## About this exercise
Below are some entries. Repeat exactly the lines from the one with "Antiek Zilver metaal" through the one with "Cloisonné Enamel Pendant", and only those.

## Given data
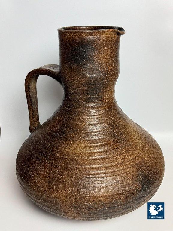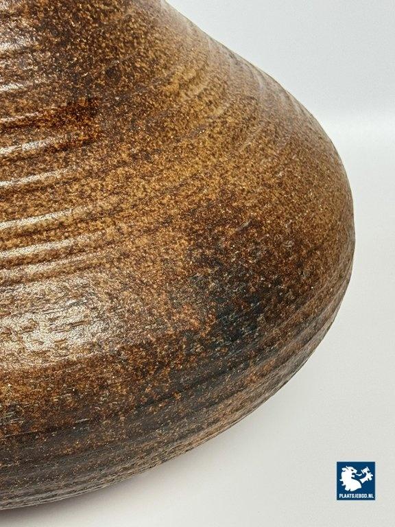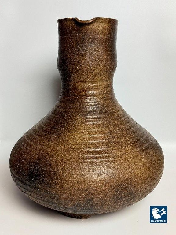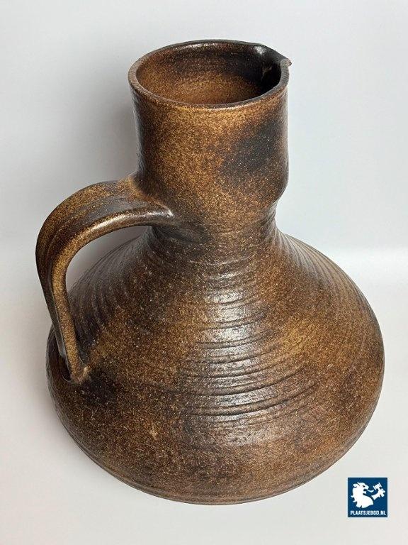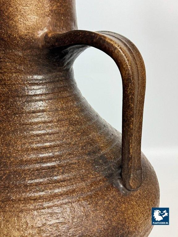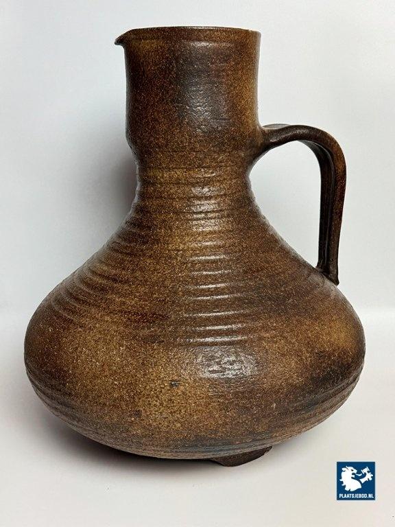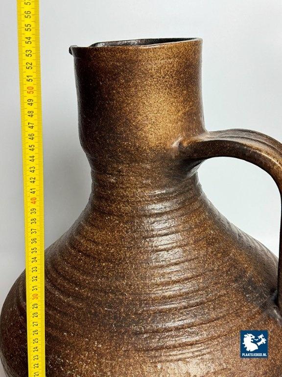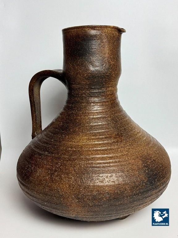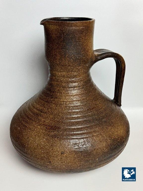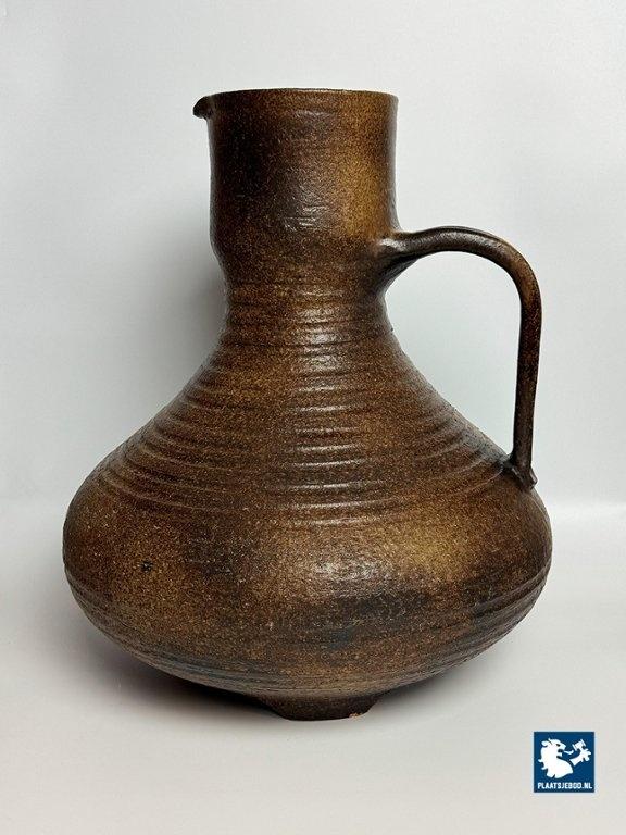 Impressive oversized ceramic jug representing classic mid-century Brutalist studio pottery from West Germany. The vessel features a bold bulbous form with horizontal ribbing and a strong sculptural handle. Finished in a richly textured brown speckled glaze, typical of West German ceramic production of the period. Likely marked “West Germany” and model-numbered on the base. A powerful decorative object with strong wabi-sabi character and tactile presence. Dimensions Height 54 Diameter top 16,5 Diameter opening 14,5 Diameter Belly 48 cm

==

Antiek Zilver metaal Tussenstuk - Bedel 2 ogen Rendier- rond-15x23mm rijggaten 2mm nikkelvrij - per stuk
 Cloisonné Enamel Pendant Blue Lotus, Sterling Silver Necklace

## Answer space
Antiek Zilver metaal Tussenstuk - Bedel 2 ogen Rendier- rond-15x23mm rijggaten 2mm nikkelvrij - per stuk
 Cloisonné Enamel Pendant Blue Lotus, Sterling Silver Necklace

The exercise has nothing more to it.